Azar Fida, Courtet Kevin, Dekky Bassil, Bonnier Dominique, Dameron Olivier, Colige Alain, Legagneux Vincent, Théret Nathalie
University Rennes, Inserm, EHESP, Irset (Institut de recherche en santé, Rennes, France.
University Rennes, CNRS, IRISA (Institut de recherche en informatique et système aléatoire, Rennes, France.
Liver Int. 2020 Aug;40(8):2021-2033. doi: 10.1111/liv.14476. Epub 2020 May 5.
BACKGROUND & AIMS: Activation of hepatic stellate cells (HSC) is a critical process involved in liver fibrosis. Several miRNAs are implicated in gene regulation during this process but their exact and respective contribution is still incompletely understood. Here we propose an integrative approach of miRNA-regulatory networks to predict new targets.
miRNA regulatory networks in activated HSCs were built using lists of validated miRNAs and the CyTargetLinker tool. The resulting graphs were filtered according to public transcriptomic data and the reduced graphs were analysed through GO annotation. A miRNA network regulating the expression of TIMP3 was further studied in human liver samples, isolated hepatic cells and mouse model of liver fibrosis.
Within the up-regulated miRNAs, we identified a subnetwork of five miRNAs (miR-21-5p, miR-222-3p, miR-221-3p miR-181b-5p and miR-17-5p) that target TIMP3. We demonstrated that TIMP3 expression is inversely associated with inflammatory activity and IL1-ß expression in vivo. We further showed that IL1-ß inhibits TIMP3 expression in HSC-derived LX-2 cells. Using data from The Cancer Genome Atlas (TCGA), we showed that, in hepatocellular carcinoma (HCC), TIMP3 expression is associated with survival (P < .001), while miR-221 (P < .05), miR-222 (P < .01) and miR-181b (P < .01) are markers for a poor prognosis.

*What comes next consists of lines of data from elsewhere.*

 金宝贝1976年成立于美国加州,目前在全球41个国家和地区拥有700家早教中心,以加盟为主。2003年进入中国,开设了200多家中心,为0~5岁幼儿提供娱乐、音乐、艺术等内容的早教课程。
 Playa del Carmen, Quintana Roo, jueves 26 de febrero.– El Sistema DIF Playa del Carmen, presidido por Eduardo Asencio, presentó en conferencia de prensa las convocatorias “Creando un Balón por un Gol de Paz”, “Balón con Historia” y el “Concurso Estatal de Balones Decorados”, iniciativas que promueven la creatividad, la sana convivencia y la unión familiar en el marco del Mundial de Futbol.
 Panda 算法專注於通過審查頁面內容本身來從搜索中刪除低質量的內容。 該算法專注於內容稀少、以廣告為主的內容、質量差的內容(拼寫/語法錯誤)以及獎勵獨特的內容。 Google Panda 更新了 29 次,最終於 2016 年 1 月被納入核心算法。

Several miRNAs targeting TIMP3 are up-regulated in activated HSCs and down-regulation of TIMP3 expression is associated with inflammatory activity in liver fibrosis and poor prognosis in HCC. The regulatory network including specific miRNAs and TIMP3 is therefore central for the evolution of chronic liver disease.
肝星状细胞(HSC)的激活是肝纤维化过程中的一个关键环节。在此过程中,多种微小RNA(miRNA)参与基因调控,但其确切及各自的作用仍未完全明确。本文提出一种整合miRNA调控网络的方法来预测新靶点。

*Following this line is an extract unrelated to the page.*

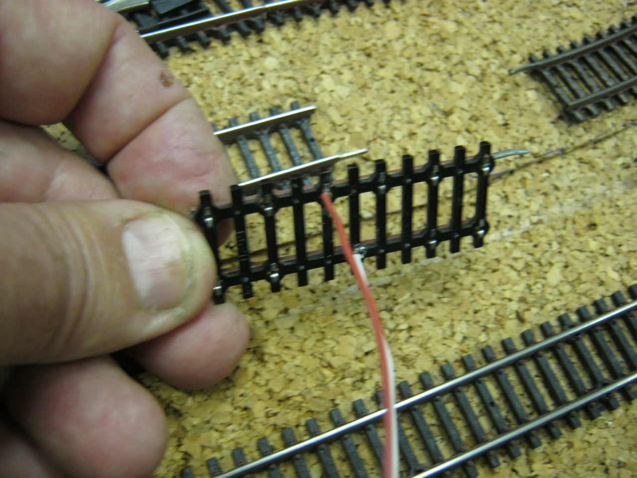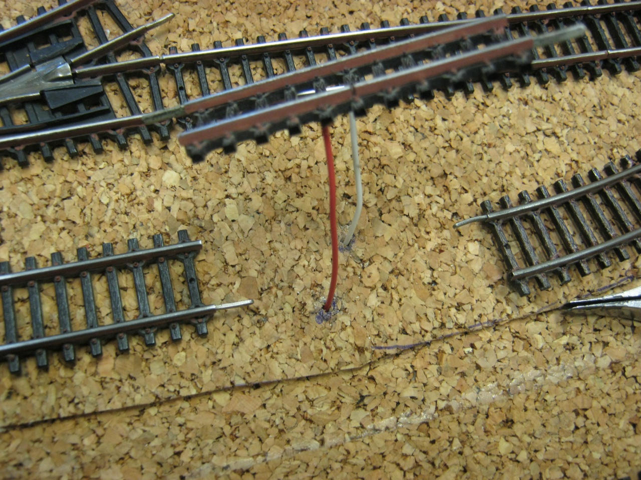 Mielőtt a sínek rögzítésre kerülnének, és az ágyazat is elkészül, előbb az elektromos bekötéseket is meg kell csinálni. Ahogy a korábbi Z méretű asztalnál, úgy iTT sem használok semmilyen bekötő, vagy szakaszoló sínt. Nemes egyszerűséggel a vékony vezetékeket alulról ráforrasztom a sínre. Figyelem! Erre csak olyanok vállalkozzanak, akiknek van már némi gyakorlatuk a forrasztásban, és van is egy vékony, max. 50W-os, szabályozható pákájuk! "Bádogos páka" esetén ezt inkább hagyjuk, és használjunk bekötő síneket!

利用经过验证的miRNA列表和CyTargetLinker工具构建激活的HSC中的miRNA调控网络。根据公开的转录组数据对生成的图谱进行筛选,并通过基因本体(GO)注释对简化后的图谱进行分析。在人肝样本、分离的肝细胞和肝纤维化小鼠模型中,进一步研究调控金属蛋白酶组织抑制因子3(TIMP3)表达的miRNA网络。
在上调的miRNA中,我们鉴定出一个由5种miRNA(miR-21-5p、miR-222-3p、miR-221-3p、miR-181b-5p和miR-17-5p)组成的子网络,它们靶向TIMP3。我们证明,在体内TIMP3表达与炎症活性及白细胞介素1β(IL1-β)表达呈负相关。我们进一步表明,IL1-β抑制HSC来源的LX-2细胞中TIMP3的表达。利用来自癌症基因组图谱(TCGA)的数据,我们发现,在肝细胞癌(HCC)中,TIMP3表达与生存率相关(P <.001),而miR-221(P <.05)、miR-222(P <.01)和miR-181b(P <.01)是预后不良的标志物。
在激活的HSC中,几种靶向TIMP3的miRNA上调,TIMP3表达下调与肝纤维化中的炎症活性及HCC的不良预后相关。因此,包括特定miRNA和TIMP3的调控网络对慢性肝病的进展至关重要。